John William Grace (6 January 1927 - 5 February 2009) was the first Privacy Commissioner of Canada.

== Early life and education ==
He was born in Ottawa, Ontario and attended St. Patrick's High School there. His education continued in Ottawa at St. Patrick's College where he earned a Bachelor of Arts diploma and where he was close classmates with Douglas Roche and John Turner who became federal politicians. Grace then moved to Washington, D.C. where he attended The Catholic University of America. After receiving a Master of Arts there in 1952, he proceeded to Ann Arbor, Michigan where he earned a Doctor of Philosophy at the University of Michigan in 1958.

== Work career ==
In 1958, Grace returned to Canada and entered journalism, becoming a member of the Ottawa Journal's editorial board. He remained with that newspaper until its demise in 1980, two years after he became its chief editor and vice-president. Grace had directed the Journals editorial policy since 1972, after being an associate editor since 1962. Between 1971 and 1977, Grace was also a member of the Canada Council, serving there for two terms. After the Ottawa Journal closed, Grace was appointed to the Canadian Radio-television and Telecommunications Commission as a full-time commissioner.
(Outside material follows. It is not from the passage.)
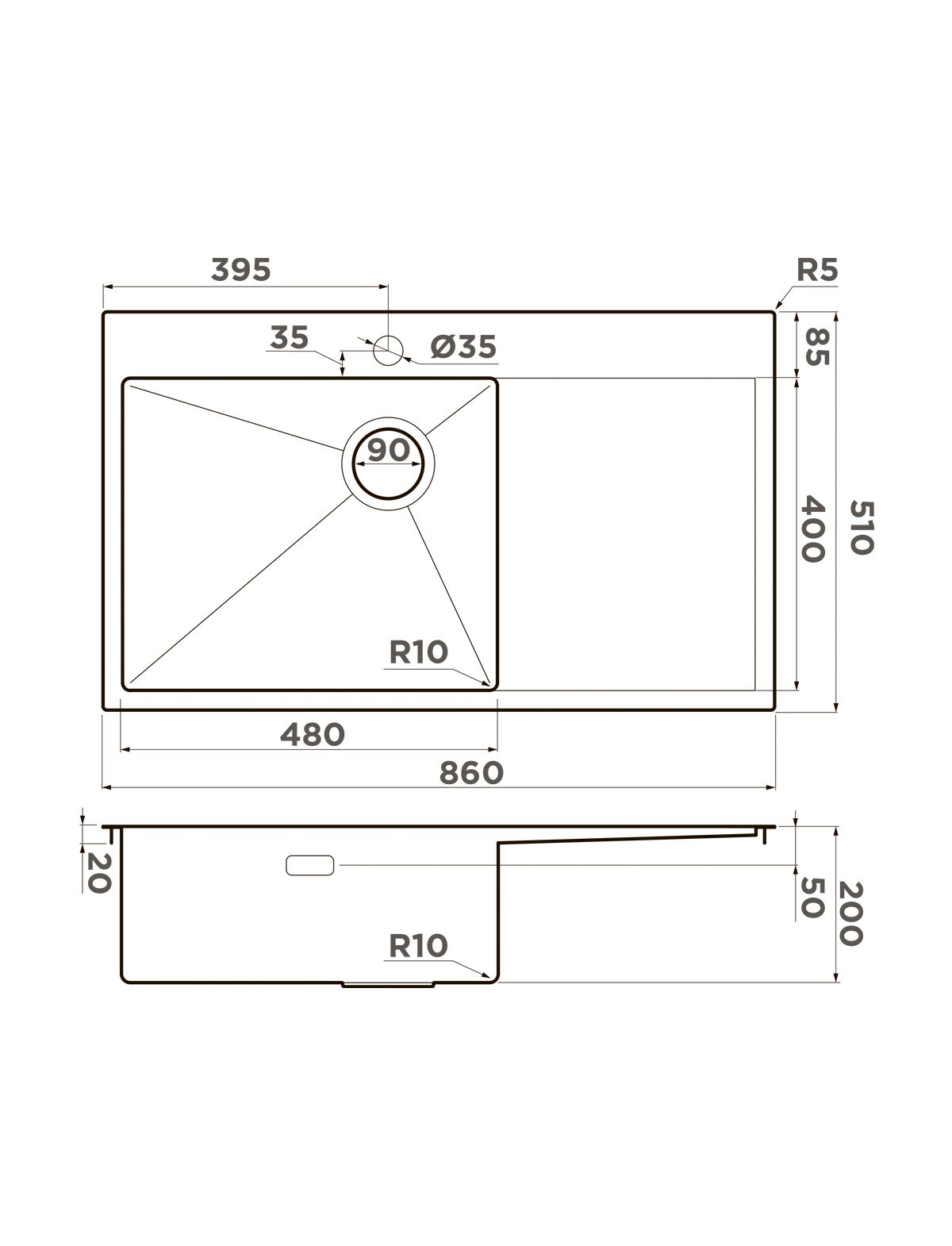 • Кухонная мойка OMOIKIRI изготовлена из высококачественной хромоникелевой нержавеющей стали SUS304. Она содержит 18% хрома и 8% никеля, что обеспечивает её максимальную защиту от коррозии;"• Самый важный показатель у мойки из нержавеющей стали - толщина стали, ведь чем она тоньше, тем менее твердой, надежной и долговечной будет мойка. Для качественной мойки лучше выбирать толщину выше 0,6 мм. Мойки бренда OMOIKIRI имеют толщину от 0,7 до 1,2 мм;

Grace served a seven-year term as the first Privacy Commissioner of Canada, starting in 1983. This Canadian federal agency is responsible for supervising the private and public management of personal information. In 1990, Prime Minister Brian Mulroney appointed Grace as the Information Commissioner of Canada, but by 1992 Grace confronted the Mulroney government regarding its refusal to release the results of government-funded polls regarding national unity. Grace remained Information Commissioner until 1998.

He was a part-time lecturer at the University of Ottawa where he was a member of its board of governors for four terms.

== Death ==
Grace died following a heart attack at his Ottawa home on 5 February 2009, aged 82.